**Task item**
Repeat word for word the lines from the top of the records through the line containing "اسٹیبلشمنٹ ڈویژن نے", and skip the pictures.

Collected data entries:
■ ■ ■ ■

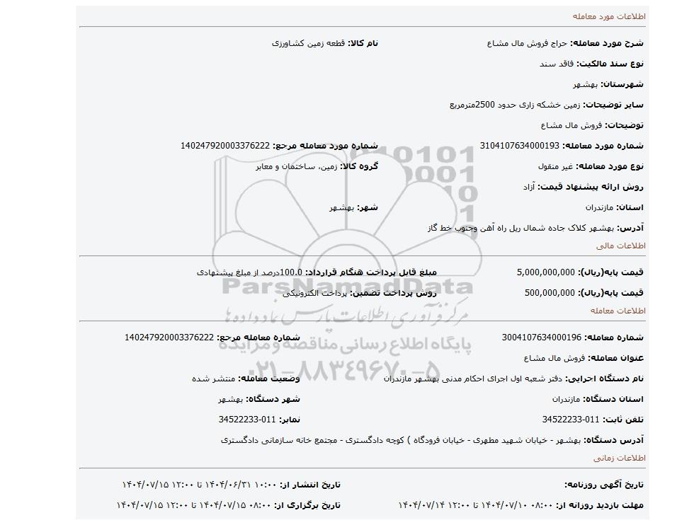 شرح مورد معامله: حراج فروش مال مشاعنام کالا: قطعه زمین کشاورزی
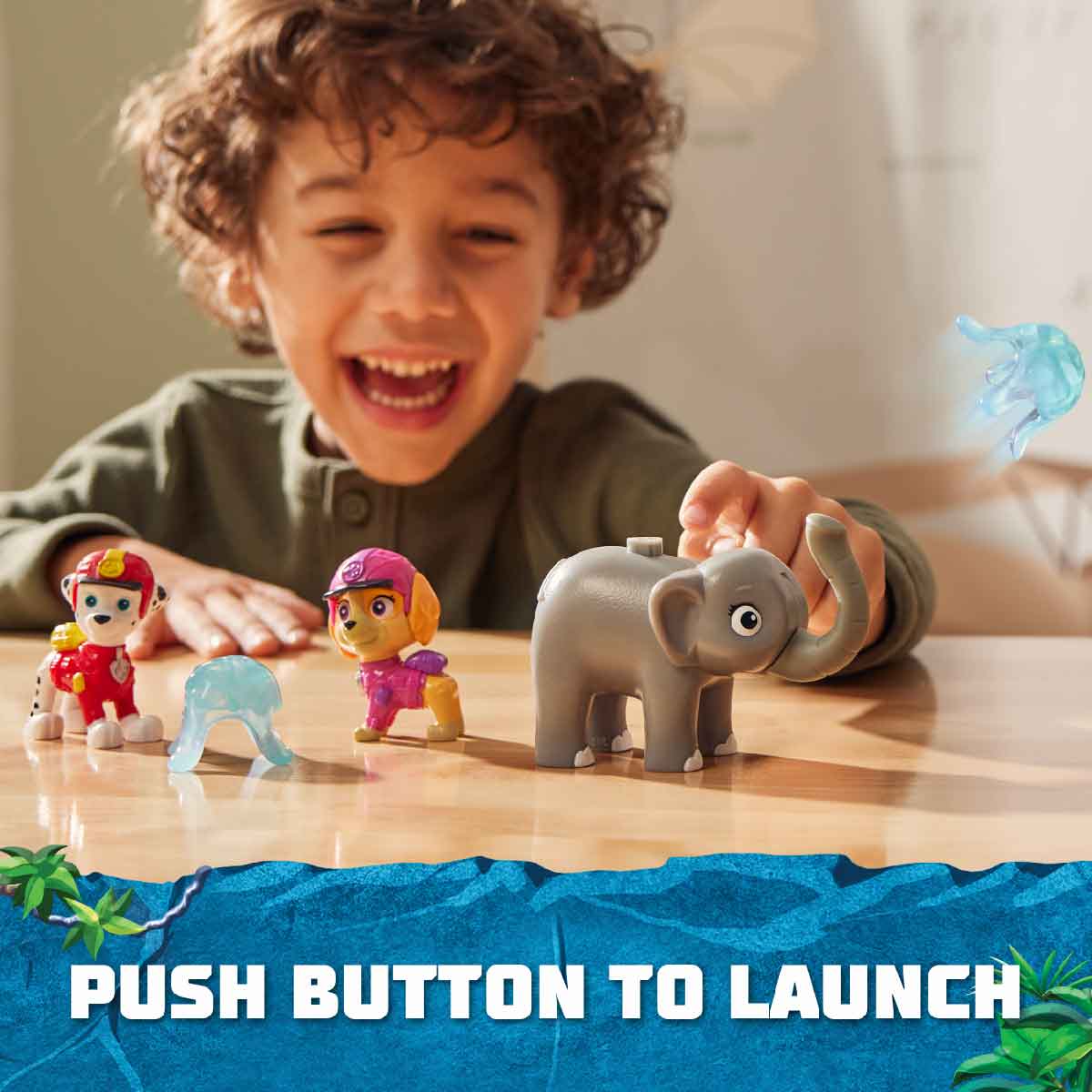 Khi đến lúc giải cứu thú vị, hãy gắn đạn nước vào vòi voi và kéo vòi trở lại vị trí, sau đó nhấn nút để phóng và cứu hộ nào! Sử dụng trí tưởng tượng của bạn để tái tạo các tập phim yêu thích của bạn từ Paw Patrol phiên bản rừng xanh hoặc tạo ra các nhiệm vụ hoàn toàn mới!
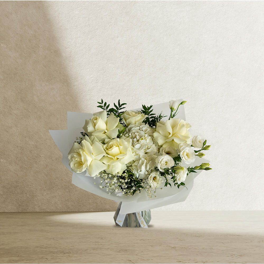باقة أنيقة من زهور الهايدرينجا، الجوري والليزيانثوس، مزينة بزهور الجيبسوفيلا الرقيقة لإطلالة ناعمة خالدة. باقة أنيقة وهادئة، تعد خياراً مثالياً للإحتفال بالذكرى السنوية، أو لتهنئة شخص ما بالشفاء العاجل، أو لمجرد إضفاء البهجة على يومه. متوفرة بأحجام صغيرة ومتوسطة، مع خدمة التوصيل في جميع أنحاء دبي والإمارات.
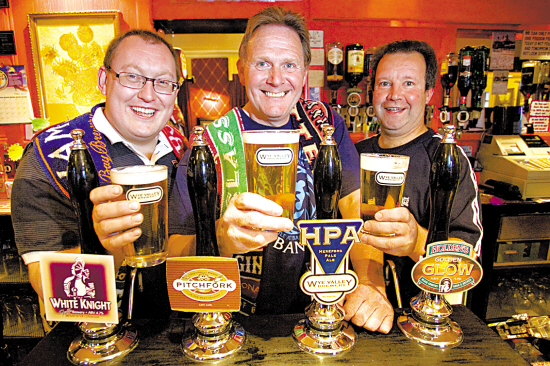 图为2012年5月16日,几名“爬吧”的英国男子。他们从1984年开始,已连续28年每周六去“爬吧”。
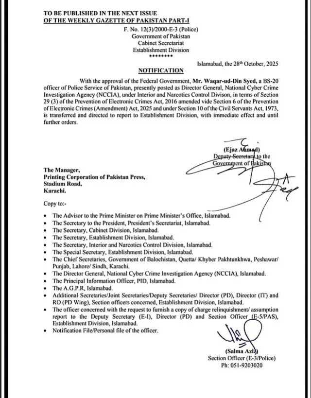 اسٹیبلشمنٹ ڈویژن نے نیشنل سائبر کرائم انویسٹی گیشن ایجنسی کے ڈائریکٹر جنرل وقار الدین سید کو عہدے سے ہٹا دیا ہے اور ان کی جگہ سید خرم علی کو ڈائریکٹر جنرل، نیشنل سائبر کرائم انویسٹی گیشن ایجنسی تعینات کر دیاہے۔
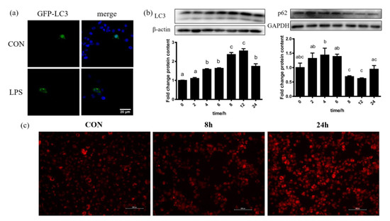 LPS challenge stimulated autophagy in BMECs. (a) BMECs transfected with GFP-LC3 plasmid expressed more green blots after challenged with LPS. (b) Immunoblotting of LC3B and p62 measured by Western blotting under treatment of LPS for 0, 2, 4, 6, 8, 12 and 24 h showed the occurrence of autophagy flow. (c) The fluorescence intensity of lysosomes in BMECs stained by red fluorescent probe Lyso-Tracker Red increased with the increase in LPS challenge time. The data are presented as the means ± SEM. Experiments were repeated three times independently with triplicates in each treatment. Different letters between groups represent significant differences with p ≤ 0.05.
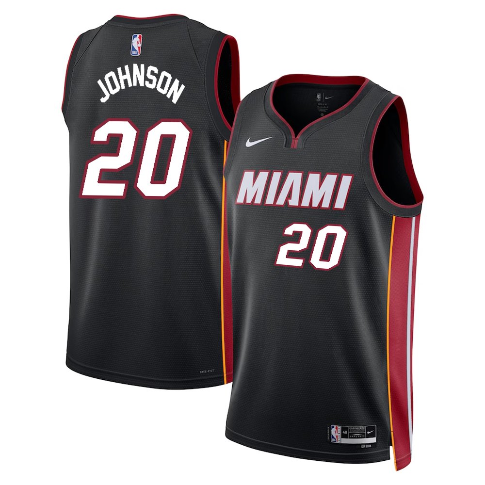 Regata NBA Miami Heat Ícon Edition Swingman Keshad Johnson 20 - PretaRegata NBA Miami Heat Ícon Edition Swingman Keshad Johnson 20 – Preta
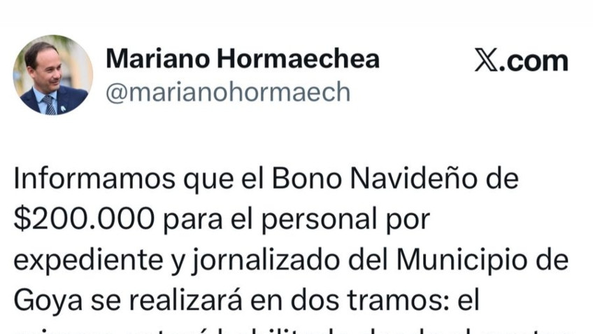 El intendente municipal doctor Mariano Hormaechea anunció en la mañana de este lunes para el personal por Expedientes y Jornalizados el Bono Navideño de 200.000 pesos en el que se efectivizará en dos tramos.
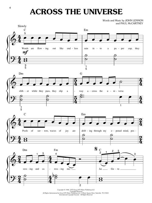 Arranjos facilitados para piano; All My Loving • And I Love Her • Come Together • Day Tripper • Eight Days a Week • Eleanor Rigby • The Fool on the Hill • Good Day Sunshine • Here Comes Comes the Sun • Hey Jude • I Will • Let It Be • Michelle • Ob-La-Di, Ob-La-Da • Penny Lane • Revolution • Something • Sgt. Pepper's Lonely Hearts Club Band • Twist and Shout • When I'm Sixty-Four • Yesterday • e outras!!!

■ ■ ■ ■

**Written answer**
 شرح مورد معامله: حراج فروش مال مشاعنام کالا: قطعه زمین کشاورزی
 Khi đến lúc giải cứu thú vị, hãy gắn đạn nước vào vòi voi và kéo vòi trở lại vị trí, sau đó nhấn nút để phóng và cứu hộ nào! Sử dụng trí tưởng tượng của bạn để tái tạo các tập phim yêu thích của bạn từ Paw Patrol phiên bản rừng xanh hoặc tạo ra các nhiệm vụ hoàn toàn mới!
باقة أنيقة من زهور الهايدرينجا، الجوري والليزيانثوس، مزينة بزهور الجيبسوفيلا الرقيقة لإطلالة ناعمة خالدة. باقة أنيقة وهادئة، تعد خياراً مثالياً للإحتفال بالذكرى السنوية، أو لتهنئة شخص ما بالشفاء العاجل، أو لمجرد إضفاء البهجة على يومه. متوفرة بأحجام صغيرة ومتوسطة، مع خدمة التوصيل في جميع أنحاء دبي والإمارات.
 图为2012年5月16日,几名“爬吧”的英国男子。他们从1984年开始,已连续28年每周六去“爬吧”。
 اسٹیبلشمنٹ ڈویژن نے نیشنل سائبر کرائم انویسٹی گیشن ایجنسی کے ڈائریکٹر جنرل وقار الدین سید کو عہدے سے ہٹا دیا ہے اور ان کی جگہ سید خرم علی کو ڈائریکٹر جنرل، نیشنل سائبر کرائم انویسٹی گیشن ایجنسی تعینات کر دیاہے۔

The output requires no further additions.